Говорил он долго, казалось, его монологу не будет конца. А когда заявил, что идёт сюда, чтобы всех примирить и объединить, а также чтобы наконец Государством был принят Закон о творческих Союзах, я не выдержал:
- В словах столь скороспело назначенного на должность первого секретаря Переверзина много неверных представлений и утверждений. Как будто он сам не является одним из тех, по чьей вине возник среди писателей раскол. Вся эта возня вокруг продажи Дома творчества Малеевка и детского сада, вокруг Переделкино и его дач, вокруг приобретённых им самим квартир и многого другого... Он и есть главный раскольник писательских рядов. И на его месте я бы сам ушёл, не усугубляя и без того сложную жизнь писателей. - И прямо ему: - За два с половиной года, что я работаю в Исполкоме, я убедился в творческой и организаторской состоятельности МСПС. И огульно охаивать нашу работу не позволял себе никто. Нам нужно много думать над тем, что произошло с вашим назначением, но убеждён, что Сергей Владимирович допустил ошибку, назначив вас на должность, занимать которую вы не имеете морального права.
Переверзин опустил голову и, заикаясь, что ещё более усугубляло его косноязычие, стал говорить, что ничего дурного он сказать не хотел, просто выразил то, что было сказано два дня назад Михалковым.

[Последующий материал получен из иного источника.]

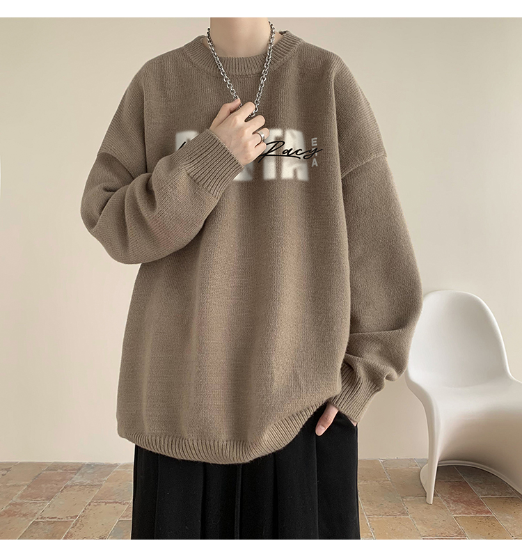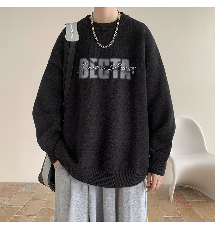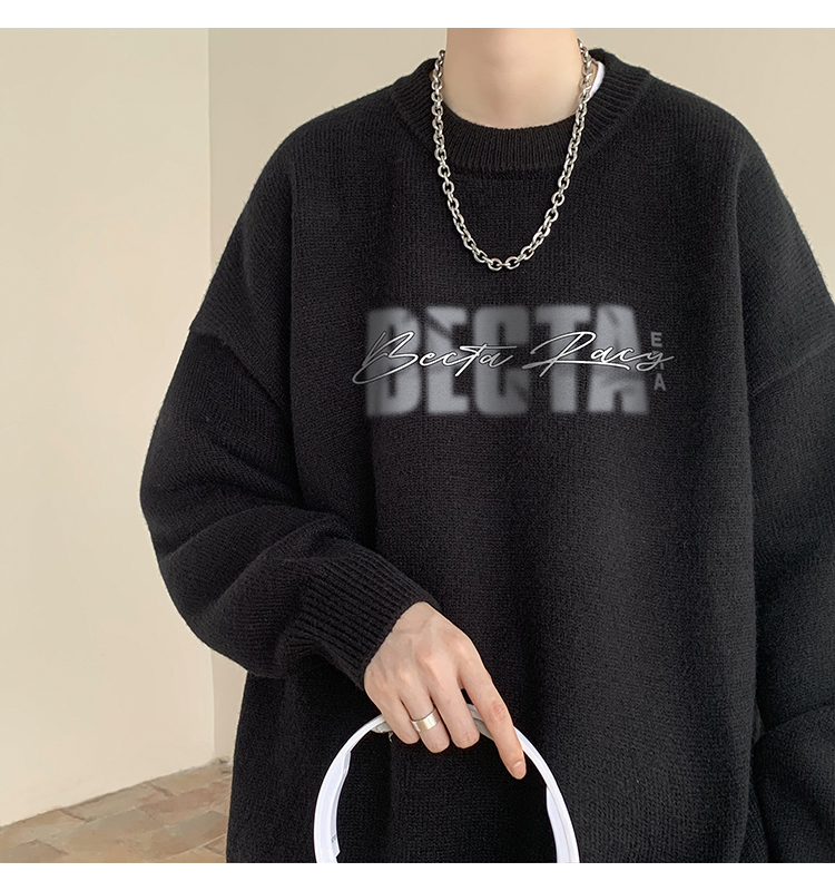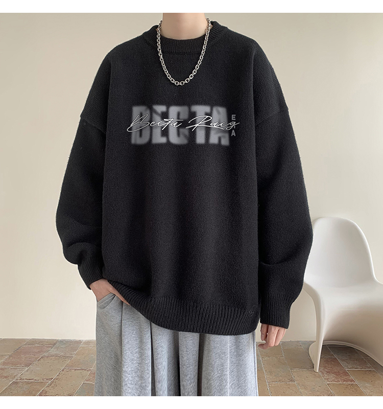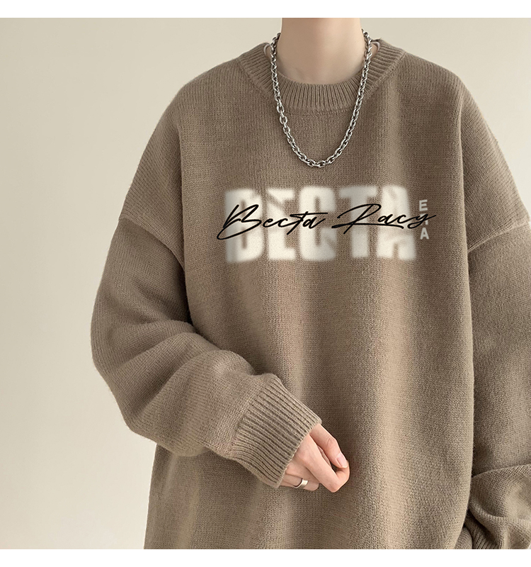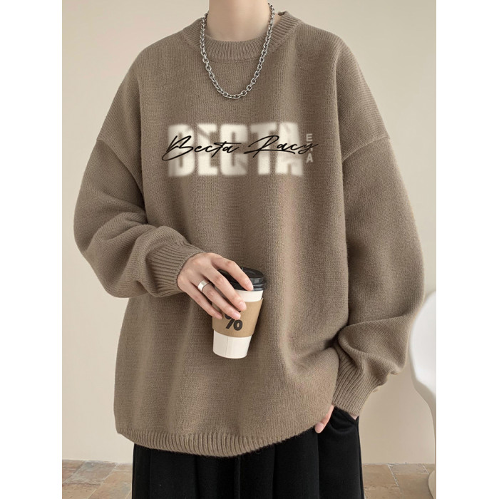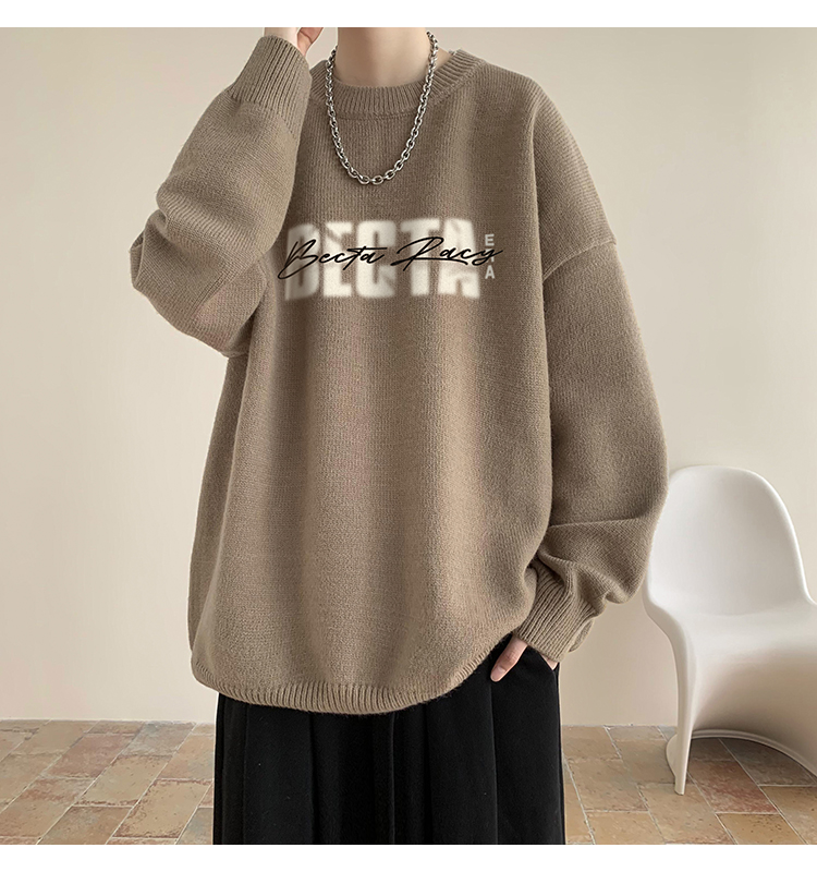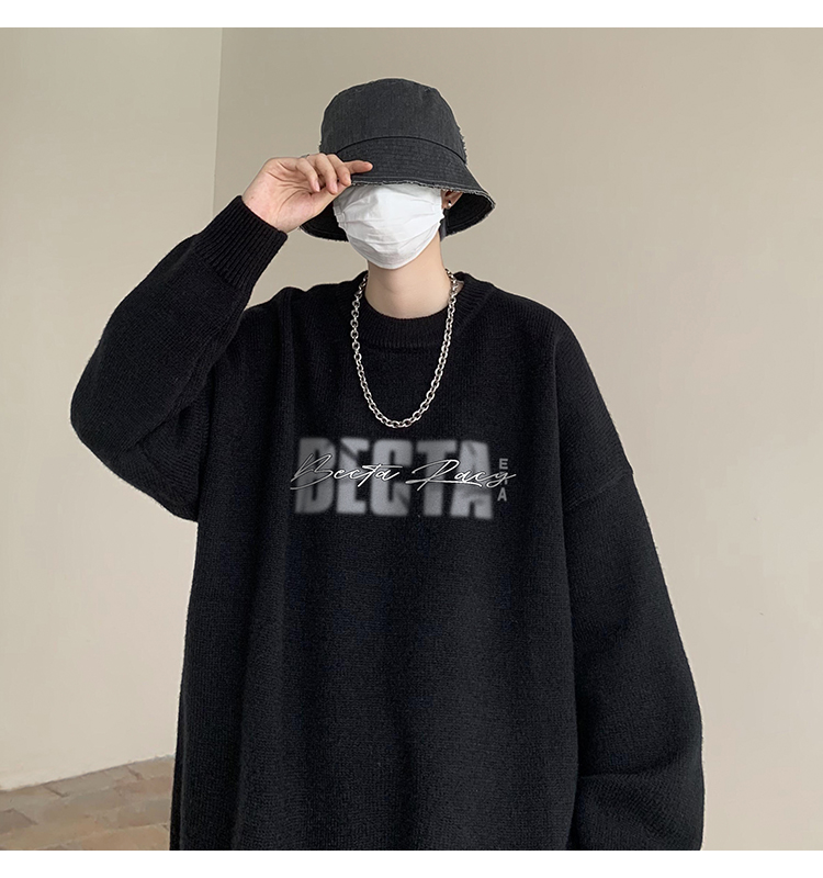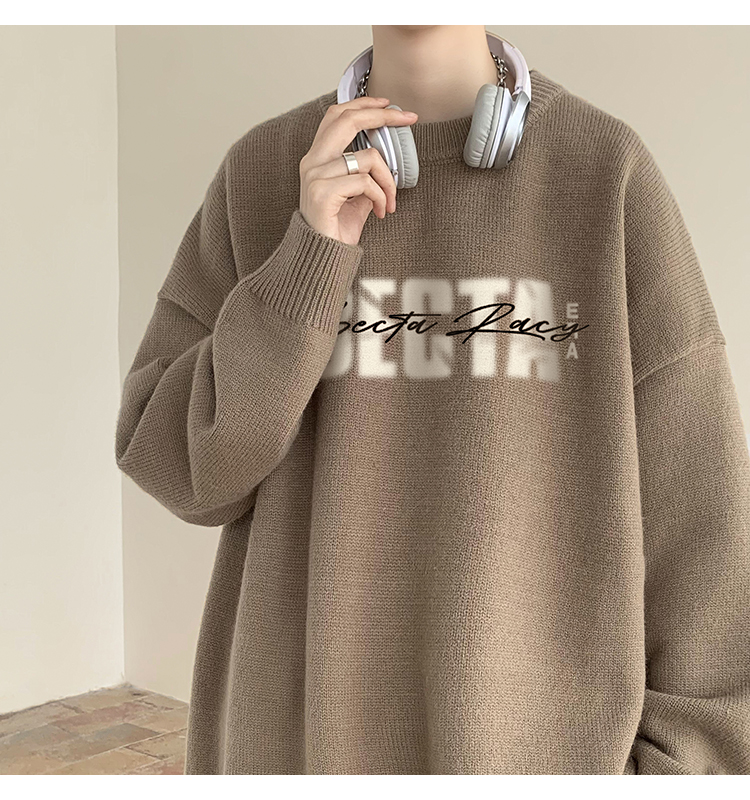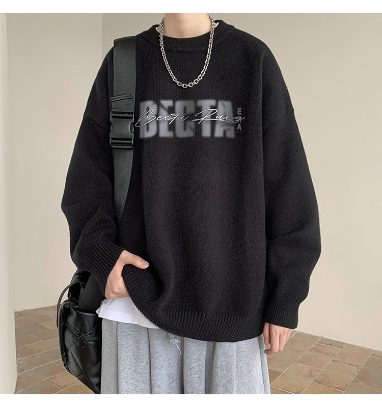 字母印花毛衣男秋冬季美式潮牌寬松圓領套頭針織衫慵懶風線衣外套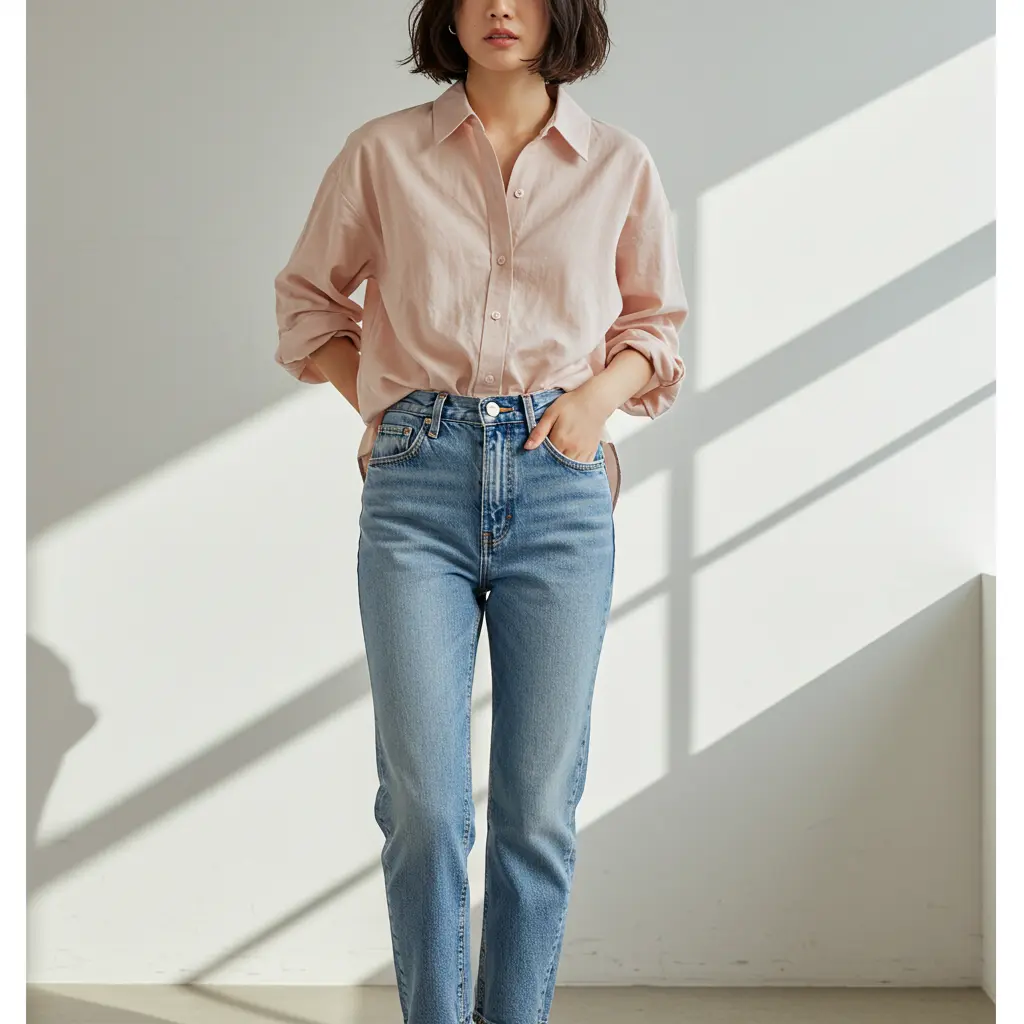 6. High-Waisted Jeans and a Relaxed Button-Up Shirt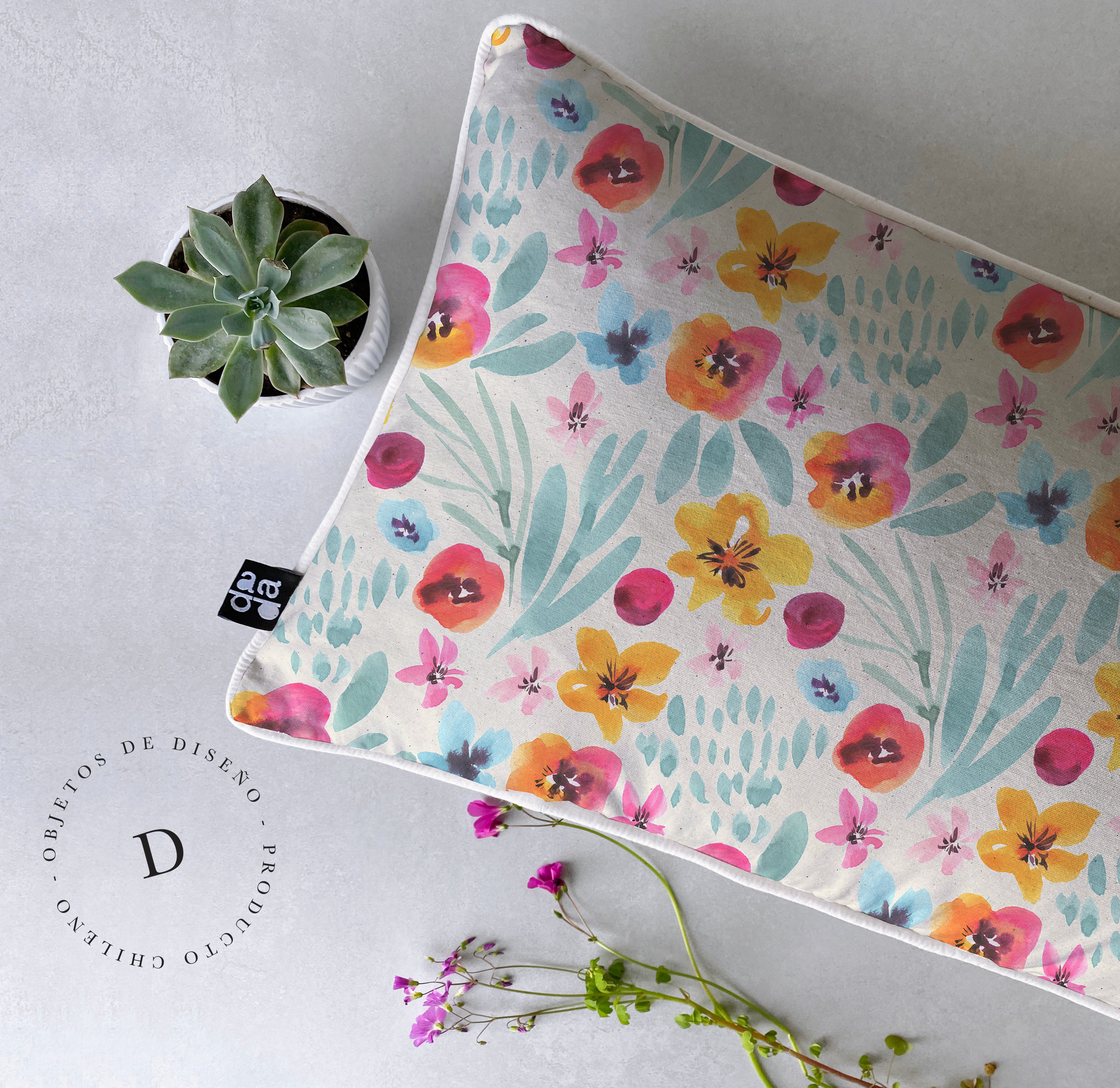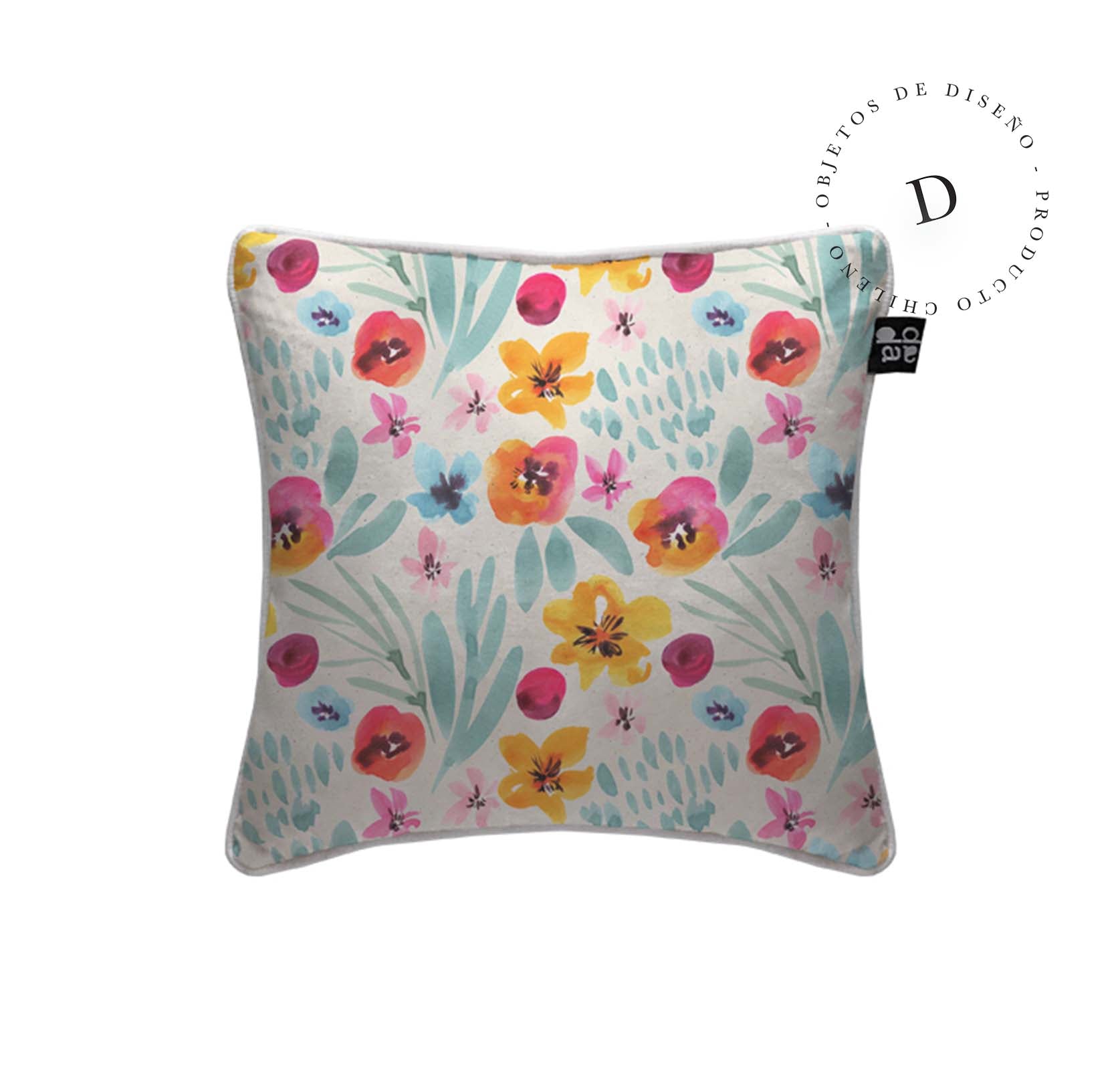 1. Cojín 45 x 45 cm: Diseño por ambos lados, con cordón perimetral, cierre invisible, relleno algodón sintético removible.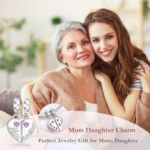 Specification: JIAYIQI Mother Sister Daughter Wife Charms Fit Pandora Charms Bracelet with Double Heart Love Charms 925 Sterling Silver Beads for Women Gift

Все были шокированы такой новостью. Никто из сотрудников не произнёс ни слова. Обычно активная, даже бурная Салтыкова сидела притихшая и подавленная. Изредка поднимала глаза на Переверзина, и в них можно было прочитать не только растерянность, но и немой вопрос: «Что же теперь будет со мной? Я же всегда знала тебе цену и всегда была против тебя, а ты вон куда махнул!»
После завершения нашего импровизированного собрания я пошёл к себе. Меня догнал Переверзин и попросил уделить ему несколько минут для разговора.
- Идёмте, - сказал я и привёл его на второй этаж.
Он сел, вспомнил, что нас с ним объединяет «длительная совместная работа» и что ещё больше нам предстоит сделать. Дальше он, перемежая речь матерком, стал говорить, сколь уважительно относится к нему Михалков и что именно поэтому назначает его на должность первого секретаря.
- Вообще-то, - сказал он, - тебя позвали сюда работать, предполагая, что именно ты не только возглавишь аппарат, но и станешь первым секретарём. Но события резко изменились, здесь понадобился мой опыт, моё участие в хозяйственных делах, и я принял решение пойти на эту должность.
- Знаете, - сказал я, - можете со мной разговаривать проще, без мата. К тому же мат никак не подходит к вашей речи.
- Почему это?
- Потому что при вашей косноязычности у вас наиболее отчётливо звучат именно матерные слова, лучше бы наоборот.
- Да, я знаю, но...
- Простите, я продолжу. У нас с вами действительно были неплохие отношения, пока вы...
- Ладно, забудем прошлое. Начнём строить наши отношения, как говорится, с чистого листа.
- Нет, с «чистого листа» не получится. На нём стоит гигантская клякса, и если бы я тогда...
- Ладно, давай подумаем, как нам строить дальнейшую работу.
- Здесь не о чём думать, мне Феликс Кузнецов сказал, что вы меня назвали своим злейшим врагом. На каком основании?
- Не помню, чтобы я это говорил. Кузнецов врёт.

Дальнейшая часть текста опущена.